Speaker recognition, or voice recognition is the task of recognizing people from their voices. Such systems extract features from speech, model them and use them to recognize the person from his/her voice.

Note that strictly speaking there is a difference between voice recognition (recognizing who is speaking) and speech recognition (recognizing what is being said). Generally these two terms are frequently confused and voice recognition is used as a synonym for speech recognition instead.

Speaker recognition has a history dating back some four decades, where the output of several analog filters was averaged over time for matching. Speaker recognition uses the acoustic features of speech that have been found to differ between individuals. These acoustic patterns reflect both anatomy (e.g., size and shape of the throat and mouth) and learned behavioral patterns (e.g., voice pitch, speaking style). This incorporation of learned patterns into the voice templates (the latter called "voiceprints") has earned speaker recognition its classification as a "behavioral biometric."

Contents

[edit] Verification versus identification

Generally, two applications of speaker recognition can be distinguished: If the speaker claims to be of a certain identity and the voice is used to verify this claim this is called speaker verification or voice authentication. On the other hand, speaker identification is the task of determining an unknown speaker's identity. In a sense speaker verification is a 1:1 match where one speaker's voice is matched to one template (and possibly a general world template) whereas speaker identification is a 1:N match where the voice is matched to N templates.

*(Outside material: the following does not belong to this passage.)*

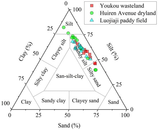 The median grain size of the soil profile in the Youkou wasteland varied between 10.1 and 19.8 μm, with an average value of 14.3 μm (Table 1). The silt content in this profile was the highest, with an average value of 57.1%, followed by sand content (34.9%), and clay content was the lowest (Table 1). The median grain size of the soil profile in the Luojiaji paddy field varied between 9.58 and 16.9 μm, which was lower with slightly higher silt and clay contents and lower sand content than that in the Youkou wasteland (Table 1). The average median grain size of the dryland soil profile in Huiren Avenue was 11.8 μm, which was close to that of the soil profile in the Luojiaji paddy field (Table 1). The average content of silt in this profile reached 63.9%, which was the highest among the three profiles; the clay content varied between 6.72% and 13.6%, with an average of 9.7%, and the sand content varied between 4.14% and 52.8%, with an average of 25.8% (Table 1). Overall, the three soil profile samples had similar grain size compositions (i.e., the highest content for silt and the lowest for clay), with the vast majority located in sandy silt areas (Figure 2). The contents of clay and silt gradually decreased from top to bottom in the upper 0~120 cm of the soil profile in the Youkou wasteland and increased gradually in the lower 120~240 cm, while the sand content had the opposite trend (Figure 3). The contents of clay and silt in the soil profile of the Luojiaji paddy field gradually increased from top to bottom, while the sand content showed an opposite change (Figure 3). The contents of clay and silt increased with depth in the upper 0~120 cm of the dryland soil profile in Huiren Avenue but decreased below 120 cm, while the sand content varied inversely (Figure 3). In the three profiles, clay was positively correlated with silt but negatively with sand, reflecting the similar distribution states of grain size compositions in different profiles (Table 2).
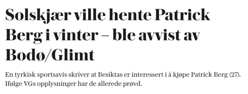 Norveç gazetesi Verdens Gang'in haberine göre Beşiktaş'ın Berg isteği, yalnızca ilgi boyutunda kalmadı ve siyah-beyazlı ekip ara transfer döneminde Norveçli oyuncu için teklifte bulundu.

Speaker verification is usually used in applications which require secure access. The systems operate with the user's knowledge and typically require their cooperation. Speaker identification systems are more likely to operate covertly without the user's knowledge. This can for example be used to route users to the correct mailbox, identify talkers in a discussion, alert speech recognition systems of speaker changes, check if a user is already enrolled in a system, etc.

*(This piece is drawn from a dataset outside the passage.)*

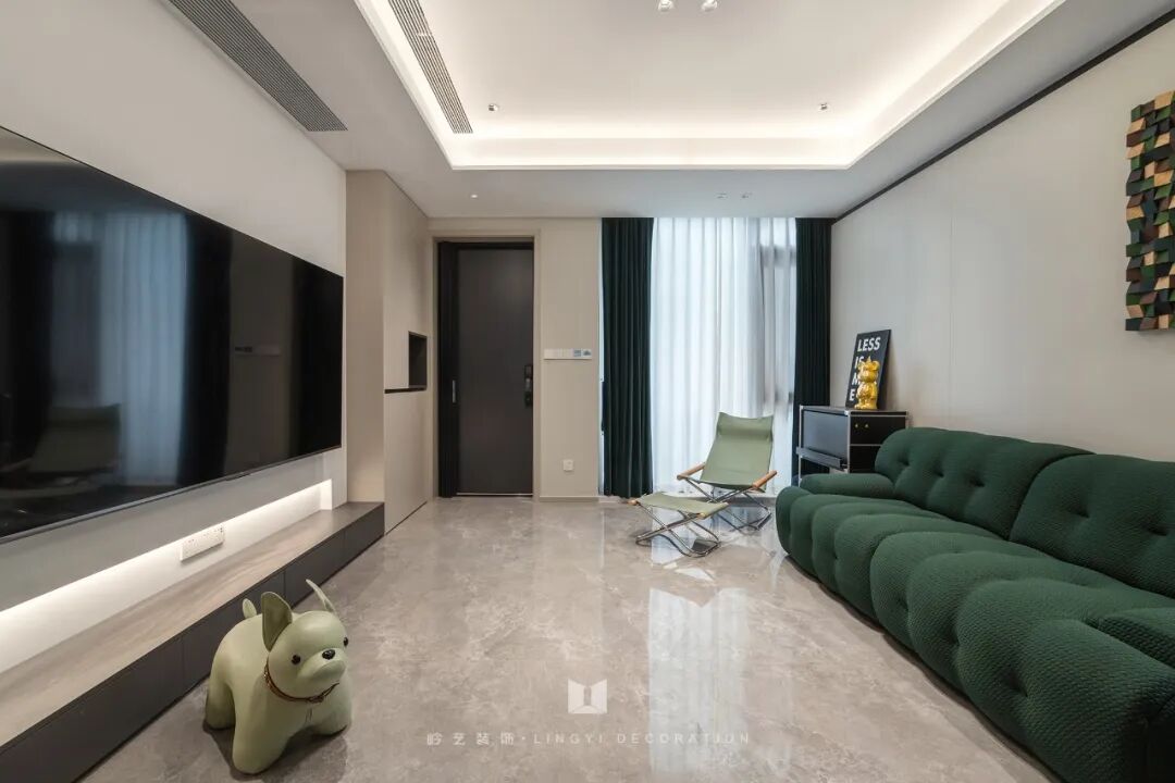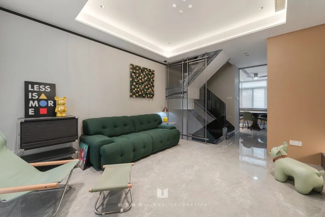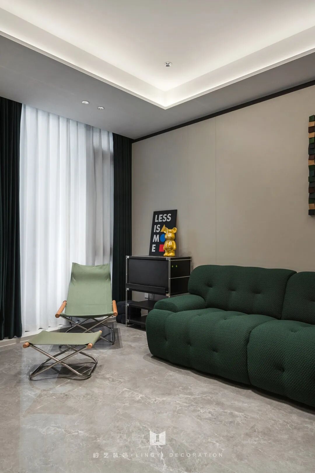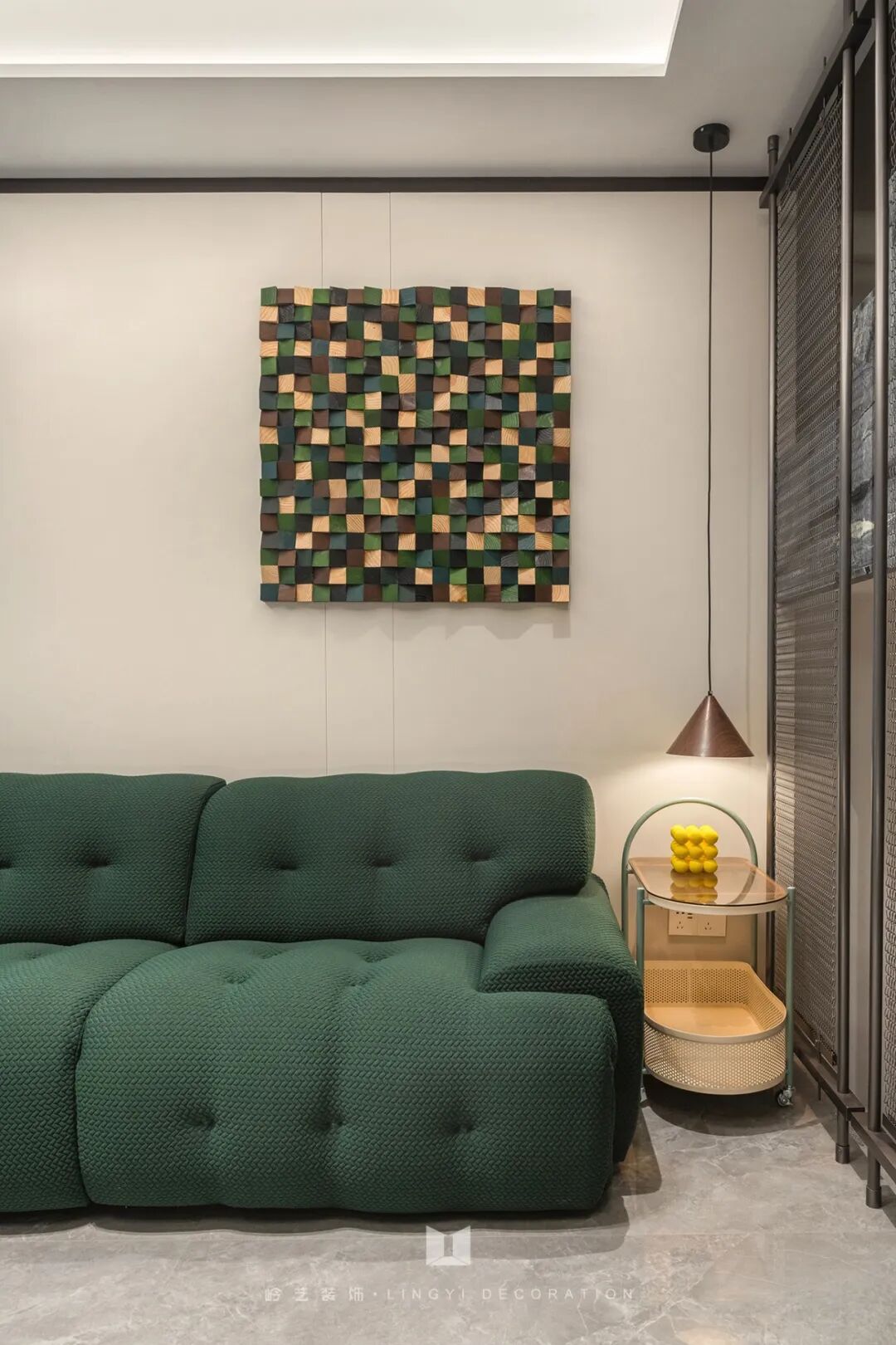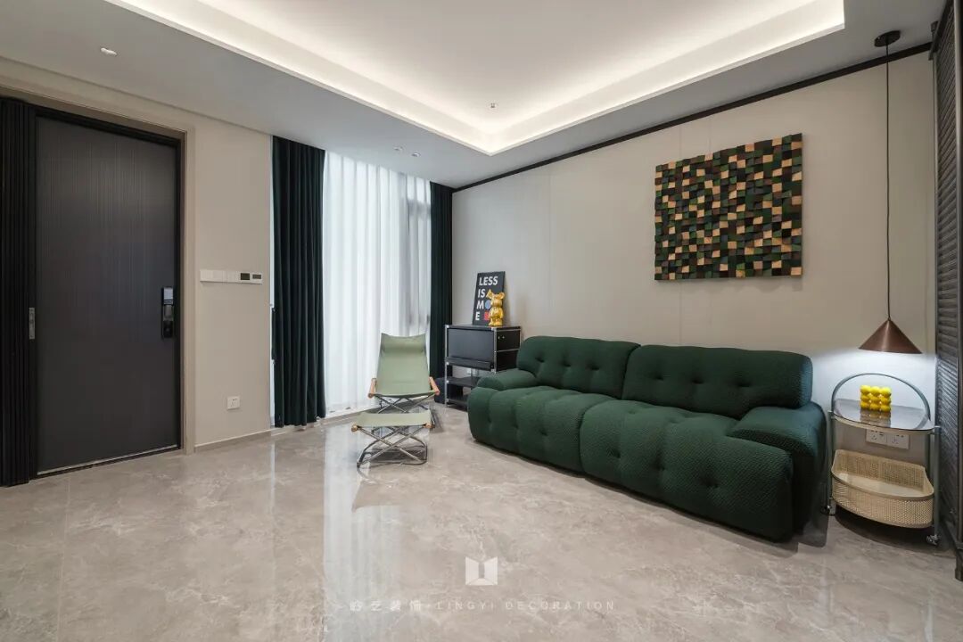墨绿色沙发、挂画、边柜和躺椅的搭配,营造出了居住的松弛氛围,每一处细节都透露着随性与自在,完美契合年轻人追求的生活态度,符合他们的审美。

[edit] Variants of speaker recognition

Each speaker recognition system has two phases: Enrollment and test. During enrollment the speaker's voice is recorded and typically a number of features is derived to form a voice print, template, or model. In the test phase (also called verification or identification phase) the speaker's voice is matched to the templates or models.

Speaker recognition systems employ three styles of spoken input: text-dependent, text-prompted and text-independent. This relates to the spoken text used during enrollment versus test.

If the text must be the same for enrollment and test this is called text-dependent recognition. It can be divided further into two cases: The highest accuracies can be achieved if the text to be spoken is fixed. This has the advantage that the system designer can devise a text which emphasizes speaker differences. However, since the text is always the same such systems are vulnerable to Impostors. Furthermore, it is not very user friendly if all users have to remember some complex text and in addition it makes the system language dependent.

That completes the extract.